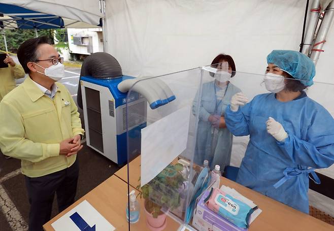 [서울=뉴시스] 고승민 기자 = 서울 금천구는 20일 유성훈 구청장이 추석을 맞아 코로나19 의료진과 현장근무 직원들을 격려했다고 밝혔다. (사진=금천구 제공) 2021.09.20. photo@newsis.com *재판매 및 DB 금지
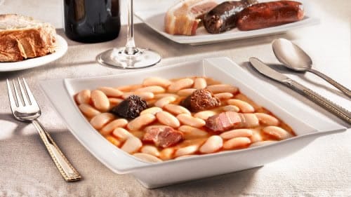 Fabada, the worlds' most famous bean pot comes from the wild mountains of Asturias. The beans are flavoured with all the local specialities like lacón, which is the cured front leg of a pig and oak-smoked fresh sausages.
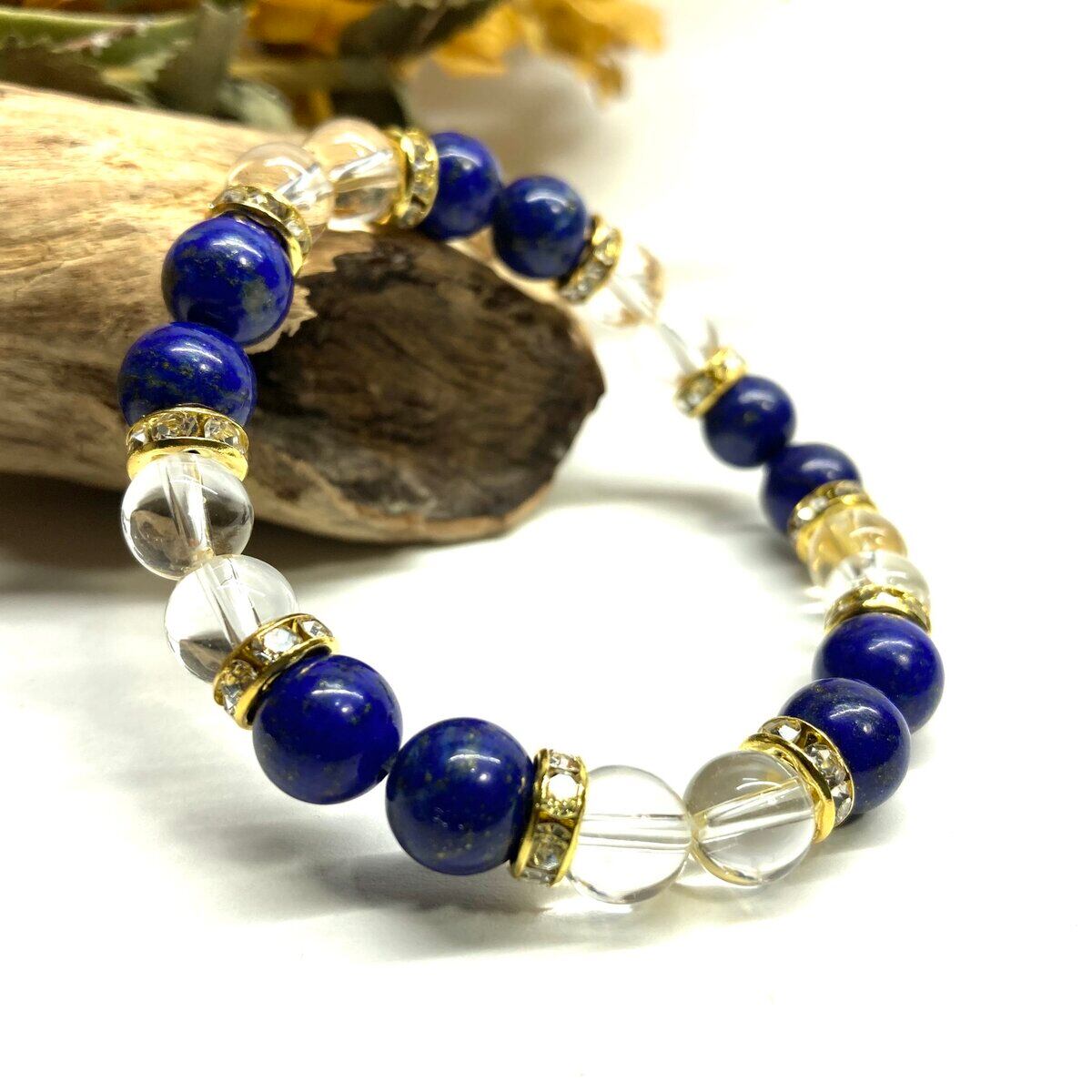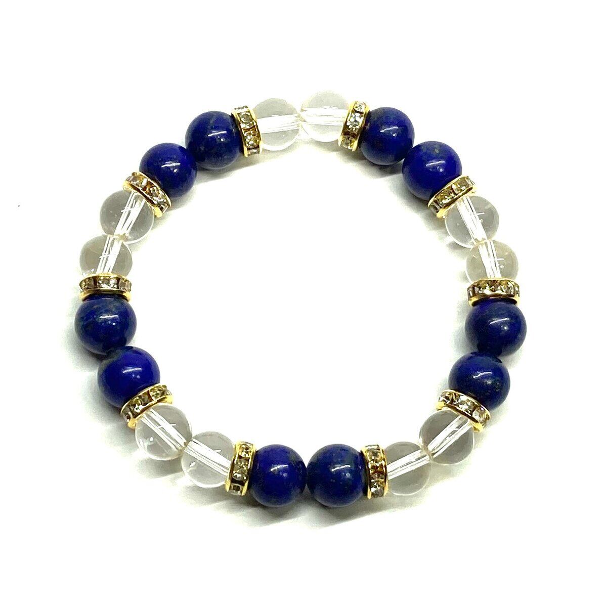 ラピスラズリ&水晶 パワーストーン ブレスレット 天然石 (ゴールド) 8mm レディース 女性 数珠ブレス 開運 プレゼント ギフト

# WHAT NEEDS TO BE DONE
Print the data once more without any change, skipping each picture.

# EXPECTED ANSWER
 [서울=뉴시스] 고승민 기자 = 서울 금천구는 20일 유성훈 구청장이 추석을 맞아 코로나19 의료진과 현장근무 직원들을 격려했다고 밝혔다. (사진=금천구 제공) 2021.09.20. photo@newsis.com *재판매 및 DB 금지
 Fabada, the worlds' most famous bean pot comes from the wild mountains of Asturias. The beans are flavoured with all the local specialities like lacón, which is the cured front leg of a pig and oak-smoked fresh sausages.
 ラピスラズリ&水晶 パワーストーン ブレスレット 天然石 (ゴールド) 8mm レディース 女性 数珠ブレス 開運 プレゼント ギフト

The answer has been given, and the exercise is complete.